There are a number of benefits that come with investing in a permanent life insurance policy. The first benefit, and most important, is the permanent death benefit.
While all life insurance policies have a death benefit, permanent life insurance guarantees a payout for your loved ones after you pass away. Unlike a term life insurance policy, you won’t need to worry about paying premiums for years only for your policy to expire worthless because you’ve outlived it.
A permanent life insurance policy also becomes a savings item, which you can rely on in the event that you need a quick loan. When you make a payment on a permanent life insurance policy, a portion of your premium is funneled into a component of the policy called your cash value.
If you don’t touch tap into the cash value, the policy’s value will continue to grow and compound over time. You may be able to withdraw from your cash value component under certain circumstances, and you can also take a loan against the value of your policy.
Another advantage of the cash value is that it is tax-deferred. This means that as long as the policy stays active, the insured does not need to pay any taxes on the earnings, allowing it to grow and compound faster.

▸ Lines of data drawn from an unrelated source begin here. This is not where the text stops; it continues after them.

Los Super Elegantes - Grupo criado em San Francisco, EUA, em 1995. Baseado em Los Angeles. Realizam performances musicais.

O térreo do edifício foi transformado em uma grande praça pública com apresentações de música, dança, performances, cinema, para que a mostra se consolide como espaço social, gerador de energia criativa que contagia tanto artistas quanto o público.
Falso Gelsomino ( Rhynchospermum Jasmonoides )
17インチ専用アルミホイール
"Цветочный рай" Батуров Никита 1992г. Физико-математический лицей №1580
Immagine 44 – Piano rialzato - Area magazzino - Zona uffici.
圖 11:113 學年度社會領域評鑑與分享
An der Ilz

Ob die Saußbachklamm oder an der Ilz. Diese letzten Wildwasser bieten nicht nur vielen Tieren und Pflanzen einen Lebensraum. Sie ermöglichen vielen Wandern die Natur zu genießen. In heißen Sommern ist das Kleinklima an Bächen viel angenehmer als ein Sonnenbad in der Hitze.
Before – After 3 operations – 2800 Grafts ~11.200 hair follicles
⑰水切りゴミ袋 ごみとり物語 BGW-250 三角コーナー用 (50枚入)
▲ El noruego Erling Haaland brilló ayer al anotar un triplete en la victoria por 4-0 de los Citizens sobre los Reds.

Later in life, when you’re not working a job and bringing home regular income, you may take money from your policy at a lower tax percentage than you would have if you deducted it while you were working. In addition, as long as the amount taken out does not exceed the sum of the premiums paid, money can be taken out without being taxed.
Who Needs Permanent Life Insurance?
If you’re looking for financial security for your loved ones in the case of your death, a life insurance policy is a good idea. There are certain circumstances where a term life insurance policy may be a better choice than a permanent policy. Term life insurance policies are more common than permanent life insurance policies because they are significantly more affordable. However, there are some benefits that are only found on permanent policies.

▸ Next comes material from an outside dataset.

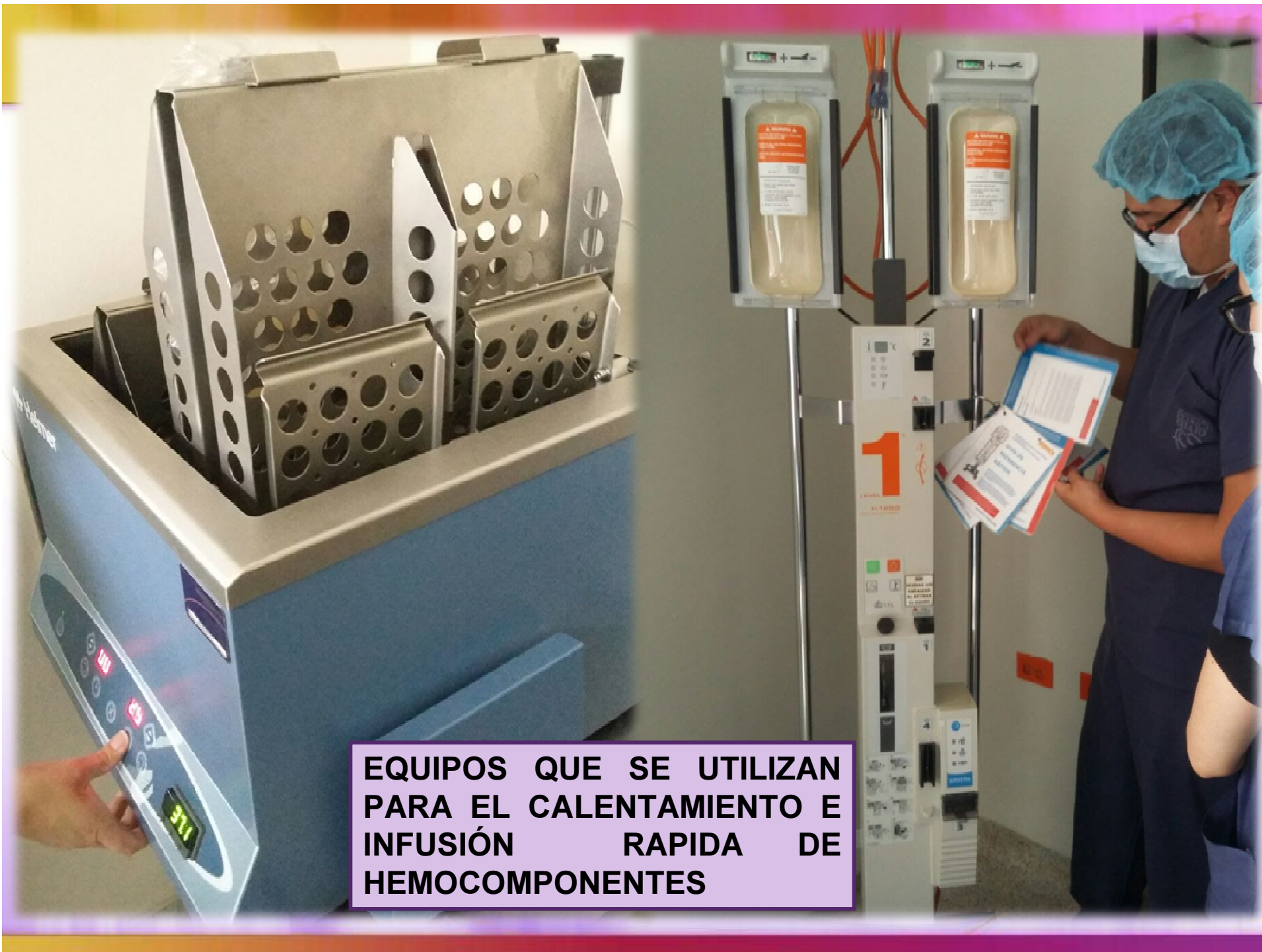
EQUIPOS QUE SE UTILIZAN PARA EL CALENTAMIENTO E INFUSIÓN RÁPIDA DE HEMOCOMPONENTES

A permanent life insurance policy can be advantageous if you want to guarantee that your beneficiaries receive your death benefit. A permanent life insurance policy can also be a good choice for anyone that would prefer to get some money back from their life insurance. Unlike a permanent life insurance policy, term policies do not accumulate a cash value. If you think that you’ll need to take a loan against your balance, be sure to consider a permanent policy.

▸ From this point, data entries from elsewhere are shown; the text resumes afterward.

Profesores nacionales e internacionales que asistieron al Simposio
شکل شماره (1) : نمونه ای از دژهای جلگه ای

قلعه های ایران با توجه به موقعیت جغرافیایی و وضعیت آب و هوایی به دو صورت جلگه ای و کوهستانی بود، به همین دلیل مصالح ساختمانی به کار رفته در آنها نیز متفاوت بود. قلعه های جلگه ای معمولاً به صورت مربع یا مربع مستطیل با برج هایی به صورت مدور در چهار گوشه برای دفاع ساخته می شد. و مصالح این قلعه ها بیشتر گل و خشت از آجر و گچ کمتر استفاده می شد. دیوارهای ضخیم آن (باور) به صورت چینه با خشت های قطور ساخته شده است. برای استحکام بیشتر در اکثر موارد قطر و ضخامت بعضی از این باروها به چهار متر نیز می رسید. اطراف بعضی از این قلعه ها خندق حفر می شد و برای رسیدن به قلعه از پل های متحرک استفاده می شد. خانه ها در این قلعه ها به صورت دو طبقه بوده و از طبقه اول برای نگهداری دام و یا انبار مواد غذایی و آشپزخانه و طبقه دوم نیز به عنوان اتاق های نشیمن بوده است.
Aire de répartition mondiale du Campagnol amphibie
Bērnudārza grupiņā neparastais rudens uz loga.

If you’re young and healthy, permanent life insurance may not be needed at this point in your life. Permanent life insurance is typically more expensive and more complex than term life policies, so if you can’t keep up with the premium payments of a permanent policy, then it isn’t the right option for you.
If you’re thinking much more long term, a permanent life insurance policy could be a good option for you. You may be a parent and would like to put money away securely for your children, or you may need to provide some financial security for your spouse because you know your death would be a major hardship on them.
Protect Your Family with Life Insurance
If you’re considering investing in a life insurance policy, it’s a good idea to begin comparing policy options as soon as possible. Life insurance policies tend to be more affordable when you’re younger — and you might be surprised at just how low your premiums might be when you apply early enough.
Be sure to get a quote from a few competing life insurance providers to know that you’re getting the best price on your protection as possible.
Frequently Asked Questions
What is better term or permanent life insurance?
The type of life insurance that is better for you is highly dependent on you and your life. While term insurance may be the cheaper option, it does not last as long as a permanent policy and it does not accumulate a cash value. Determining which is better depends on what you can handle financially and what you would like to get out of your life insurance policy.
Can you cash out a permanent life insurance policy?
Yes. You can cash out a permanent life insurance policy. To do this you can either borrow against your cash value, withdraw the cash in regular payments or in a lump sum or you can surrender your policy entirely.